What is being asked:
First find the line with "Microsoft, Windows 10’a", then reproduce it and all following lines of the data to the end, exactly and with no pictures, adding nothing.

=== Begin Enclosure ===

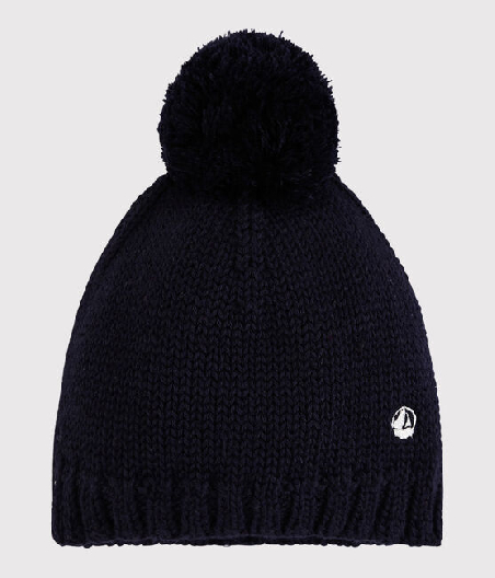 Тепла шапка з помпоном та нашивкою емблеми Petit Bateau. Склад: 50% акрил, 50% бавовна / 100% поліестер
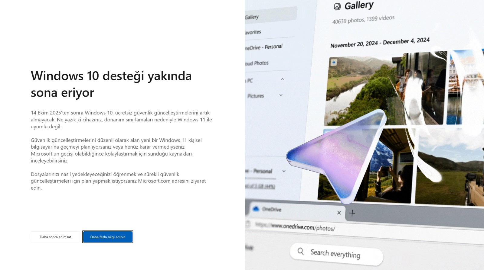 Microsoft, Windows 10’a 14 Ekim 2025 sonrası güvenlik ve teknik destek vermeyecek. Bu durum, cihazınızın çalışmasını durdurmasa da büyük güvenlik riskleri oluşturabilir.
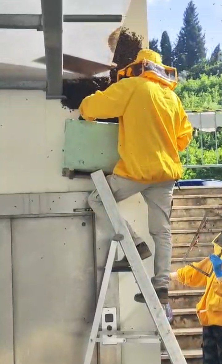 Recupero incruento si chiama l’operazione di messa in salvo delle api volta a prelevare uno sciame senza uccidere o danneggiare gli insetti. Due apicoltori esperti, contattati dal Gruppo Dipartimentale “Infestanti”, nell’arco di circa due ore sono riusciti a raccogliere l’ape regina e quasi tutto lo sciame al suo seguito.
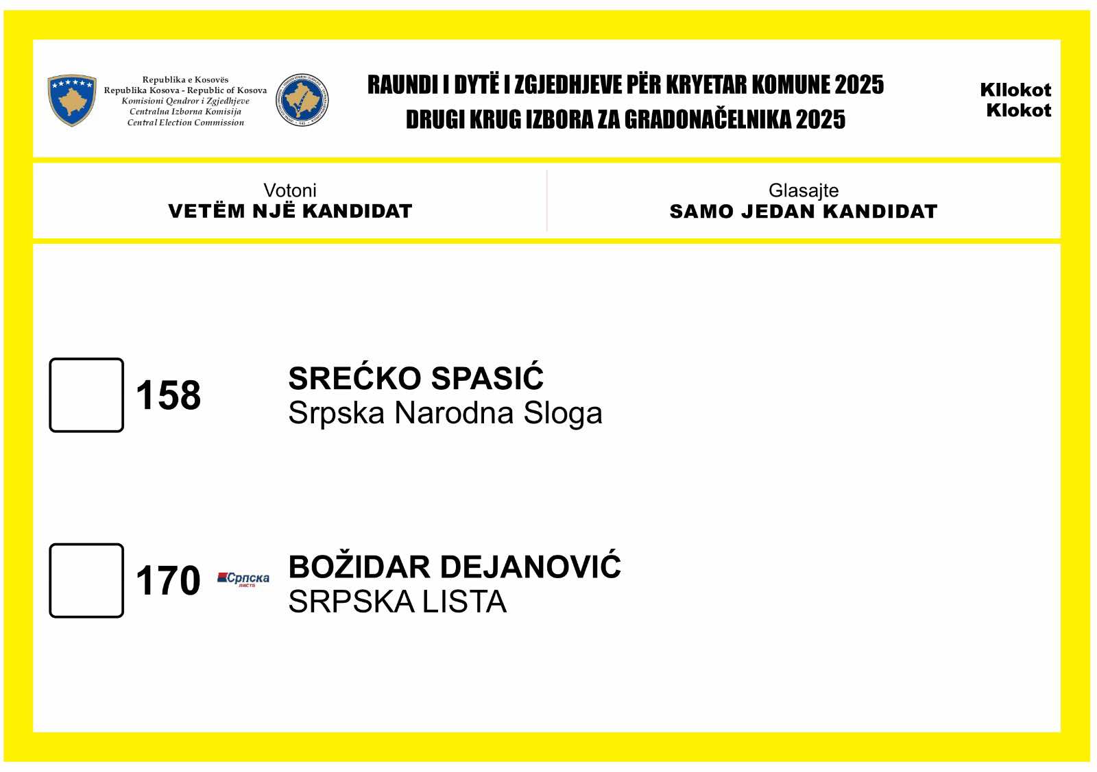 Rrethi i dytë i zgjedhjeve lokale, sipas KQZ-së, do të vazhdojë me emrat e dy kadidatëve që kanë fituar më së shumti vota në raundin e parë, përkatësisht mes Spasiçit, i cili ka braktisur “Unitetin Kombëtar Serb” për t’iu bashkuar Listës Serbe, dhe kandidatit të kësaj të fundit, Bozhidar Dejanoviç, i cili synon mandat të ri në krye të Kllokotit.
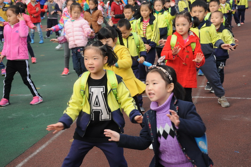 时间过得真快,大课间时间到了,小朋友们也提前来到操场。在体育老师的带领下,小朋友们认真地做着操,俨然一副小学生的模样。
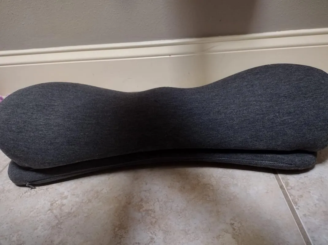 What sets this pillow apart is its design. It spans across the entire lower back and has a middle section that provides additional support for the spine. I didn't realize until now that this is what I had been missing all along. After using this pillow for a few days, I can confidently say that I am satisfied and will be sticking with it for the foreseeable future.

=== End Enclosure ===

Exercise answer:
 Microsoft, Windows 10’a 14 Ekim 2025 sonrası güvenlik ve teknik destek vermeyecek. Bu durum, cihazınızın çalışmasını durdurmasa da büyük güvenlik riskleri oluşturabilir.
 Recupero incruento si chiama l’operazione di messa in salvo delle api volta a prelevare uno sciame senza uccidere o danneggiare gli insetti. Due apicoltori esperti, contattati dal Gruppo Dipartimentale “Infestanti”, nell’arco di circa due ore sono riusciti a raccogliere l’ape regina e quasi tutto lo sciame al suo seguito.
 Rrethi i dytë i zgjedhjeve lokale, sipas KQZ-së, do të vazhdojë me emrat e dy kadidatëve që kanë fituar më së shumti vota në raundin e parë, përkatësisht mes Spasiçit, i cili ka braktisur “Unitetin Kombëtar Serb” për t’iu bashkuar Listës Serbe, dhe kandidatit të kësaj të fundit, Bozhidar Dejanoviç, i cili synon mandat të ri në krye të Kllokotit.
 时间过得真快,大课间时间到了,小朋友们也提前来到操场。在体育老师的带领下,小朋友们认真地做着操,俨然一副小学生的模样。
 What sets this pillow apart is its design. It spans across the entire lower back and has a middle section that provides additional support for the spine. I didn't realize until now that this is what I had been missing all along. After using this pillow for a few days, I can confidently say that I am satisfied and will be sticking with it for the foreseeable future.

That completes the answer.